Bacaan: Lukas 12: 49-56
Padamu negeri kami berjanji
Padamu negeri kami berbakti
Padamu negeri kami mengabdi
Bagimu negeri jiwa raga kami
Dirgahayu Republik Indonesia. Semangat kemerdekaan bergelora menyambut perayaan 17 Agustus 2025. Momen ini menjadi sangat istimewa karena kita sedang merayakan Hari Ulang Tahun ke-80 Republik Indonsia. Perayaan ini menandai delapan dekade perjalanan bangsa sejak Proklamasi Kemerdekaan pada tanggal 17 Agustus 1945. Sebagai Gereja Kristen Indonesia “Emaus”, kita pun membersamakan diri dalam semarak peringatan kemerdekaan melalui aneka lomba, dekorasi dan ibadah syukur HUT ke-80 RI.
Tentu saja, keterlibatan kita tidak boleh berhenti pada semarak lomba, kemeriahan dekorasi dan ibadah syukur. Pertanyaan penting dalam konteks menghayati kemerdekaan Indonesia, sebagaimana bacaan Alkitab pada hari ini berkenaan dengan ibadah yang berwujud dalam kehadiran dan peran kita yang memberkati kehidupan. T.B Simatupang mengatakan, “kehadiran kita ikut menentukan tetapi juga ditentukan oleh kehadiran kelompok-kelompok yang lain yang ada di tengah masyarakat. Kelompok-kelompok yang dimaksud secara berurutan adalah rakyat banayak (masyarakat), umat Islam dan birokrasi kekuasaan”. Jika kehadiran kita saling menentukan, relasi dengan yang lain menjadi penting. Pertanyaan selanjutnya adalah bagaimana relasi kita dengan yang lain?
Kita mengakui bahwa kehadiran gereja sering masih terpusat pada diri sendiri. Padahal, Tuhan menghadirkan kita untuk berperan bagi kehidupan. GKI, bersama dengan gereja-gereja lain, kelompok-kelompok masyarakat dan pemerintah, berperan serta dalam pembangunan nasional...Dukungan, keterlibatan dan partisipasi tersebut harus diwujudkan dengan sikap terbuka, positif, kritis, kreatif, realistis, dinamis dan berpengharapan” (Penjelasan Mukadimah Tata Gereja GKI alinea 12.3).

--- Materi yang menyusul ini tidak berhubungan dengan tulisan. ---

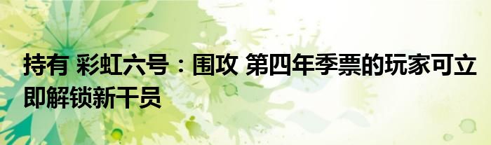 持有《彩虹六號:圍攻》第四年季票的玩家可立即解鎖新干員,而其他玩家則可于9月18日使用聲望點數來解鎖這些干員。其他賽季新內容對所有玩家免費開放,其中也包括新版的“運河”地圖。

Dalam kesadaran atas panggilan ini, maka kehadiran dan peran GKI sebagaimana misi kehadiran Yesus di tengah kehidupan perlu disegarkan kembali. Di tengah maraknya kepalsuan atas keberadaan orang-orang munafik, ada dua titik refleksi yang perlu kita lakukan dalam menilai kehadiran orang Kristen dan gereja. Pertama, terkait dengan momentum. Kesadaran bahwa ada momentum yang belum tentu berulang yang Tuhan berikan bagi orang Kristen dan gereja sebagai kesempatan untuk berkarya di tengah dunia. Pada bagian ini, kemendesakan yang diserukan Injil Lukas memiliki relevansinya. Apakah kita sadar sebagai orang Kristen dan gereja untuk memanfaatkan momentum yang Tuhan sediakan untuk hadir dan berkarya? Kedua, terkait dengan pemberitaan. Berapa banyak pemberitaan gereja dilakukan dengan kesadaran untuk menumbuhkan semangat menghadirkan Injil Kerajaan Allah bagi umat, gereja dan masyarakat? Perlulah kita bertanya dengan jujur apakah pemberitaan yang selama ini dilakukan gereja hanya dilakukan untuk memuaskan telinga (bdk. Tim.4:3)? Sering kali banyak pemberitaan dilakukan gereja hanya untuk keamanan, kenyamanan dan kebesaran diri. Itulah sebabnya hal-hal yang menyenangkan telinga kerap menjadi pemberitaan gereja. Dalam sejarah umat tercatat nama Hananya yang melakukan pemberitaan seperti ini. Pemberitaan seperti ini dapat dikategorikan sejajar dengan pemberitaan nabi palsu sebagaimana yang dilawan oleh nabi Yeremia. Kita tidak boleh mengulang hal ini.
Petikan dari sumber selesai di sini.